Welcome

Welcome to Hatherleigh History Society’s website.

The purpose of both our facebook page and website here is to create a digital archive for the ongoing research regarding the town’s history, allowing everyone access to our many records, documents and photo’s and providing an exchange of information about them.

In addition to paper documents we also hold a number of recorded oral histories which we hope to digitise and transcribe to include here.

News

  • Hatherleigh Railway Memorabilia 2 April 7, 2021

    The Colonel Stephens Railway Museum in Tenterden, Kent holds some interesting North Devon railway memorabilia including a platform name from Hatherleigh Station and some further Tyer single-line signal tokens from this line (see previous posting). From the cut-out pattern one of these looks to be the no.8 token from Hatherleigh to Hole along with one for the Hole to Halwill section of track and a leather pouch for the engine driver to carry the tokens in.

    Hatherleigh Platform Sign - Col. Stephens Railway Museum (photo from tripadviser.co.uk)
    Hatherleigh Platform Sign – Col. Stephens Railway Museum
    (photo credit : hildenley on tripadviser.co.uk)
    Hatherleigh Line single line signal tokens - Col. Stephens Railway Museum (photo from tripadviser.co.uk)
    Hatherleigh Line single-line signal tokens – Col. Stephens Railway Museum
    (photo credit : hildenley on tripadviser.co.uk)
  • Hatherleigh Railway Memorabilia 1 : Signalling Token April 7, 2021
    Hatherleigh to Hole single-line signalling token
    Hatherleigh to Hole single-line signalling token
    (Image from gwra.co.uk)

    The Halwill to Torrington railway line was mainly single track with some double track sections such as at Hatherleigh Station to allow trains to pass one another. In order to operate safely the single line sections were controlled by signals and the driver carried a token coded, by cut-out position and shape, to that section of track. The stations at either end of a section had ‘Tyer’ instruments paired together electrically and only when the driver placed the token in the instrument at one end would the signals allow another train into that section. Each line would have had multiple tokens, allowing several trains to go in the same direction if need be, before a ‘down’ train returned. This is a Tyer No. 6 Single Line Token (about 4 1/2 inches in diameter) and is the 2nd token for the Hatherleigh to Hole section.

    There is a lot of interest in railway memorabilia and this token was sold at auction in 2015 for £240.

  • Hatherleigh Currency 2 (..ish!) January 13, 2021
    Passaford ford 1900
    Passaford ford 1900

    Violet Fulford Williams in her autobiography Under My Patchwork Quilt, (privately published Cir. 1968) writes about her childhood in the late 1800’s at Passaford House, the home of her grandparents Henry and Ellen Veale. The chapters relating to Hatherleigh can be found on our website and among many interesting local details she mentions the ford on the River Lew from which the house takes its name having been used in Roman times, as it lay on the Roman road from Cornwall, and that Roman coins had been found in the ford.

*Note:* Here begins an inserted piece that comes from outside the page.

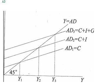 图4―6表明,政府支出的增加,使AD线从AD2线向上平移到了AD3线,均衡国民收入相应地从Y2增加到了Y3。

    While the crossing being on an actual Roman road may not be accurate, this route across the river has clearly been used for many centuries and as evidence of a Roman tile kiln has been found on Hatherleigh Moor it is not so hard to imagine an unfortunate traveller of the time loosing his or her footing, and coins, while fording the river.

    It is interesting to wonder whose feet have trodden Hatherleigh’s paths before us!